Galaxy Khmer Project – the circus meets Cambodian Space Project extravaganza – is going to Berlin and Norway in January 2014. But before that, Reapers will be able to see it for themselves when it comes to Phare, The Cambodian Circus on December 21 and 22.
“The project is a unique collaboration between art director Michael Laub, psychedelic rock band The Cambodian Space Project, the German director Mark Eberle and musicians and dancers of Phare Ponleu Selpak in Battambang,” says Huot Dara, the Phare Siem Reap co-director.
“It is a dynamic, charismatic and insightful journey through the music and sounds of Khmer rock and roll history. At the centre, a diva illuminates the story through song and dance, channeling the divas of old.”
Cambodian Space Project will be supported on stage by Phare musicians playing traditional instruments, as well as dancers accompanying the songs. There will also be film projections of archive footage and film shot of circus artists performing at Phare Ponleu Selpak.
Also, in the short term, spooky new show Chills, a ghost story about Cambodian culture and belief in the afterlife will open in Siem Reap on October 1, fittingly, just in time for Pchum Ben.
Huot says, “It’s about ghosts haunting villagers, mainly the youth at night. They have a fun adventure the next day at school pretending to be ghosts, scaring each other using impressive acrobatic and other circus skills.”
Also, over the coming months, the theatre and circus school is taking shows to Japan, France, Portugal, Germany and Norway.
Artists from the theatre side of the school are already in France for The Terrible but Unfinished Story of Norodom Sihanouk, King of Cambodia, a Khmer language adaptation of Hélène Cixous’s 1985 play which, according to Phare’s press material, explores “a difficult page in Cambodia’s history.” Even longer than the title is the duration: seven hours, Despite its length, Huot Dara says the play has been well-received. It’s already a sell-out and has been known to move audiences to tears.
“It is a co-production between Le Théâtre du Soleil and Phare Ponleu Selpak,” says Huot. “In 2011 artists toured the first part of the play, in 2012 and 2013 they worked on the second part. Now they have finished the whole story and it became seven hours in length. I have heard that many people cry during the show, those who know Cambodia.”
There are 30 actors in the play, each of them taking on three or four different roles, and the play is performed in Khmer with French and English subtitles.
Having opened on September 19 with three performances in Lisbon, the troupe has now moved to France taking in Limoges, Paris, Lyon and Valence. They will finish up in Toulouse on November 23.

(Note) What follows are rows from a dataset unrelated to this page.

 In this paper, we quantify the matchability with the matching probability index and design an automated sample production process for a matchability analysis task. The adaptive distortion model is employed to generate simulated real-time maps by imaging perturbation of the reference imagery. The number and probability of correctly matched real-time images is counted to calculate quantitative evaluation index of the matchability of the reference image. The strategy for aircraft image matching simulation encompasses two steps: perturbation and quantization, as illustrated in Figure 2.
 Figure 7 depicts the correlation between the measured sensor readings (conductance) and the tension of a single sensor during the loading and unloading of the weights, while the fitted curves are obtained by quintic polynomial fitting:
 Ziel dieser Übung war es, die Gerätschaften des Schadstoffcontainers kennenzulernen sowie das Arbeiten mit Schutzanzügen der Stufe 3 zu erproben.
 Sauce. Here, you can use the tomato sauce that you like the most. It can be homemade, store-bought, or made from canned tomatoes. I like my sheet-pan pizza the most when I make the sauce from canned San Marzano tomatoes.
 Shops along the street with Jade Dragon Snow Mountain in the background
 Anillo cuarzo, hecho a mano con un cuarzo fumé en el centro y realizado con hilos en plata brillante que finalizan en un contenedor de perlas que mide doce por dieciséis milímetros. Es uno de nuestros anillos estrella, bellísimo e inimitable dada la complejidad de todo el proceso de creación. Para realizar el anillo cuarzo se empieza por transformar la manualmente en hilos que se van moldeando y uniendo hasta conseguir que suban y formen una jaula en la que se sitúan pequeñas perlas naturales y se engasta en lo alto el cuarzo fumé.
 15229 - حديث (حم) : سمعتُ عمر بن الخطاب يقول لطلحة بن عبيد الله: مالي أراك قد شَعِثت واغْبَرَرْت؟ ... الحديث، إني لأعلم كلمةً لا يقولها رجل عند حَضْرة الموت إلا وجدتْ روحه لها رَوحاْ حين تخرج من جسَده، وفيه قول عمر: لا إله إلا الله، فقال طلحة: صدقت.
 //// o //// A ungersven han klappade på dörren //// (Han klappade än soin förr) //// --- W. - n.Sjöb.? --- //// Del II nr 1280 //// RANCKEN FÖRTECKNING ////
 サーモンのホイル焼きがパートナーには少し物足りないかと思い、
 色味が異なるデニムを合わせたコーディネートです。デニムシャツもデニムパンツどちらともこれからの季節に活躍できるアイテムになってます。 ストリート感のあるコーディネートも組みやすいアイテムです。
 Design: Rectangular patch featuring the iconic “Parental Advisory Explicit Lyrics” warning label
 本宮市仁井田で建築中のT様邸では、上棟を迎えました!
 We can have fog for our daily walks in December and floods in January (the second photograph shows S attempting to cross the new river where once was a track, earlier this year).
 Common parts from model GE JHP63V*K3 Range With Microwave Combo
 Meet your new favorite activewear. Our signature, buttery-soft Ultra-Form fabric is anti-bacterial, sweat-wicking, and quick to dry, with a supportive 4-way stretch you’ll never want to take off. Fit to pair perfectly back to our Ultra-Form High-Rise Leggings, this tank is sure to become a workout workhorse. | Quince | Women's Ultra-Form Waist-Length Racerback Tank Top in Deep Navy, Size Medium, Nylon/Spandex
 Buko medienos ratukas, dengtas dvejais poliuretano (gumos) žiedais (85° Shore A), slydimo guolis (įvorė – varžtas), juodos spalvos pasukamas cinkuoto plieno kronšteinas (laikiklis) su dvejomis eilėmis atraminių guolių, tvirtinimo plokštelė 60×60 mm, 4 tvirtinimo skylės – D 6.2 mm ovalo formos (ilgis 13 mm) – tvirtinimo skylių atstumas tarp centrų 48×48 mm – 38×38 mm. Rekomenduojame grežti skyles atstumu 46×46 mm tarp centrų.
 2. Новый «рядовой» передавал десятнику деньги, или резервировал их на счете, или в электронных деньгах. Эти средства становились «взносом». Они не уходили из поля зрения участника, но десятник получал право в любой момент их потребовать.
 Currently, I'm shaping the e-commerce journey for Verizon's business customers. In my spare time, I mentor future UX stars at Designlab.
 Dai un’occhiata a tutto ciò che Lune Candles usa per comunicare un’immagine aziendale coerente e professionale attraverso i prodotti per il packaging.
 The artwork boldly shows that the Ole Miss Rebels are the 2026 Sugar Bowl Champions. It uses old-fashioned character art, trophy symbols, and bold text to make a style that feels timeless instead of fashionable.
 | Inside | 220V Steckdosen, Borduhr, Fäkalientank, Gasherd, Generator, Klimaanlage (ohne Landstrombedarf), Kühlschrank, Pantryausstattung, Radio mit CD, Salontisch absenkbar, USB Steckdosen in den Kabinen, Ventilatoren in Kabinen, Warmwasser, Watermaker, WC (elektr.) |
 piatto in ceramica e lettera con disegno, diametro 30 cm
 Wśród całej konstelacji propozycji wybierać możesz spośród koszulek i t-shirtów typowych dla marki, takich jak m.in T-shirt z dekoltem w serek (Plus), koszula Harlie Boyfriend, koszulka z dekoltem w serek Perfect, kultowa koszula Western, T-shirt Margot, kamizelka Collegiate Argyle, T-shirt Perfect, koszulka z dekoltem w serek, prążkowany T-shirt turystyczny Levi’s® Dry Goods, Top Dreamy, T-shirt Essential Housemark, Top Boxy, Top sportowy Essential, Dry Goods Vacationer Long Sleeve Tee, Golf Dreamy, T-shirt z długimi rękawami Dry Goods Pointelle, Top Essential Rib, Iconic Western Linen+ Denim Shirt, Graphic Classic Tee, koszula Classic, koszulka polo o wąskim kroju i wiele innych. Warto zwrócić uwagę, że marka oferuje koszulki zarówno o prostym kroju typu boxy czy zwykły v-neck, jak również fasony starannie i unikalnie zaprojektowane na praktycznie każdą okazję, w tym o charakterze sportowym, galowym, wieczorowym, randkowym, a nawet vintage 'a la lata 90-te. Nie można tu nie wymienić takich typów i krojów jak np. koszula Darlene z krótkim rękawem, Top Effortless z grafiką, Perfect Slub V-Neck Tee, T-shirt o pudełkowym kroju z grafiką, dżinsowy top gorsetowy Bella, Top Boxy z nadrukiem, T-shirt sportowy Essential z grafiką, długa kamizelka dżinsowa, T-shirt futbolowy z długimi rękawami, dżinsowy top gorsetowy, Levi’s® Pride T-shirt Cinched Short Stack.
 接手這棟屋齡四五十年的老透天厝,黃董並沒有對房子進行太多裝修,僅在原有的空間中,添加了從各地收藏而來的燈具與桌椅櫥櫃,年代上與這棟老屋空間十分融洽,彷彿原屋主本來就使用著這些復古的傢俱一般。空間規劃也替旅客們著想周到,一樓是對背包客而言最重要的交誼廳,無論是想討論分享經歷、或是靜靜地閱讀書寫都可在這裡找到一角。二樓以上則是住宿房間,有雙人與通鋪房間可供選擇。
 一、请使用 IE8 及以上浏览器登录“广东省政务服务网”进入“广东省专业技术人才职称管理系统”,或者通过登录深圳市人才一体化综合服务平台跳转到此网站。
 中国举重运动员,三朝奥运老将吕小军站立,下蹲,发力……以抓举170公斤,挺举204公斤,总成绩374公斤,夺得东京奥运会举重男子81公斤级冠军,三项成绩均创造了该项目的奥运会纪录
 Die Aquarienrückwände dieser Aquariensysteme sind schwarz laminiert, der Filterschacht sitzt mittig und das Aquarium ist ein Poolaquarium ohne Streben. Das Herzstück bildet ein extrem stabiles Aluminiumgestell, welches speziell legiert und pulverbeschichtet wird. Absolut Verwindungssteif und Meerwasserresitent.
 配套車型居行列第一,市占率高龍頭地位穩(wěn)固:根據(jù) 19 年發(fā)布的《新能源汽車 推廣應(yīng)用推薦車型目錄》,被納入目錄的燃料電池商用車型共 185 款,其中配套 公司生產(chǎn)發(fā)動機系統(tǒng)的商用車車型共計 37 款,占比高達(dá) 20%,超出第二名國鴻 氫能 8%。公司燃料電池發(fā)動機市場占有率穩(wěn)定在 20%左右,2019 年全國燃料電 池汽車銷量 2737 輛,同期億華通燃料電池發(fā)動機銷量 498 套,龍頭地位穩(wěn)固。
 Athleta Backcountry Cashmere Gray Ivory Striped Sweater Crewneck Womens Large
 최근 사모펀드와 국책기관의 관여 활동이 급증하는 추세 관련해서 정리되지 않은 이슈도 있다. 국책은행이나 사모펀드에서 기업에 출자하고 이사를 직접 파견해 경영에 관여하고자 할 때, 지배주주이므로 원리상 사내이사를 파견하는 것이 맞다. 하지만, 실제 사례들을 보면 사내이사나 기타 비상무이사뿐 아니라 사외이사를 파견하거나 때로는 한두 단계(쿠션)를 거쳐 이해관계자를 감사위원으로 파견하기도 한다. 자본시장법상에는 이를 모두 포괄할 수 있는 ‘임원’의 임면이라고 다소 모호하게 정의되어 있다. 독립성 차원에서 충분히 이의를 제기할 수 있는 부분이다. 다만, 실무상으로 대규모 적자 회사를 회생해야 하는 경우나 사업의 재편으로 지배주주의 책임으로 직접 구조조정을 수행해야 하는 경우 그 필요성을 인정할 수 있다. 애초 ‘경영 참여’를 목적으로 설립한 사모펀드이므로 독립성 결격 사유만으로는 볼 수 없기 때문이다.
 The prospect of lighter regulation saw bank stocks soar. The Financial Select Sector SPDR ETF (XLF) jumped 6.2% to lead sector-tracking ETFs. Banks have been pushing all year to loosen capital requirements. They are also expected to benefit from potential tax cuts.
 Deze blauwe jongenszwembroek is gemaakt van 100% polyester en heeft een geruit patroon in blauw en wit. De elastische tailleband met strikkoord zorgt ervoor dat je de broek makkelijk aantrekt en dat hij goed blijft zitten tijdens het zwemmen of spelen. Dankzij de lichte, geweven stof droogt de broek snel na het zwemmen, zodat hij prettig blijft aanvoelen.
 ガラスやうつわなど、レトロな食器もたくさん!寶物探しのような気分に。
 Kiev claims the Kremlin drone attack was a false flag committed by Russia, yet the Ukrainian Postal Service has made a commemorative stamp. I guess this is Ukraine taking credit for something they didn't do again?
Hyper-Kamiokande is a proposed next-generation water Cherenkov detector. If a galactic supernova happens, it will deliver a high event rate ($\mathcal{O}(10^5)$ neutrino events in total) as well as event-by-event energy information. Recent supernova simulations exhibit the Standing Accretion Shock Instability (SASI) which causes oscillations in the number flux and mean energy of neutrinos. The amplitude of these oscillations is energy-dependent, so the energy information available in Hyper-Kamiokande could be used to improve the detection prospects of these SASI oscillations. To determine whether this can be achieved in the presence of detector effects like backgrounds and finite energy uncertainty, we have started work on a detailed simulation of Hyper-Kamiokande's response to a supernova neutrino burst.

Huot says the troupe would like to be able to perform the play in Cambodia, but as of yet have not received the authorisation to do so, due to the political nature of the story.
This month Phare is also taking a circus show, My Village, to Japan. The show, about a Cambodian village, will be performed in Little World theme park in Inuyama city, Aichi Prefecture for three months.
“It is a special production created for Japan with the purpose of introducing Cambodian culture and arts to a wider audience,” says Huot. “Little World is a big park on a mountain, and the artists will perform almost every day a few times a day.”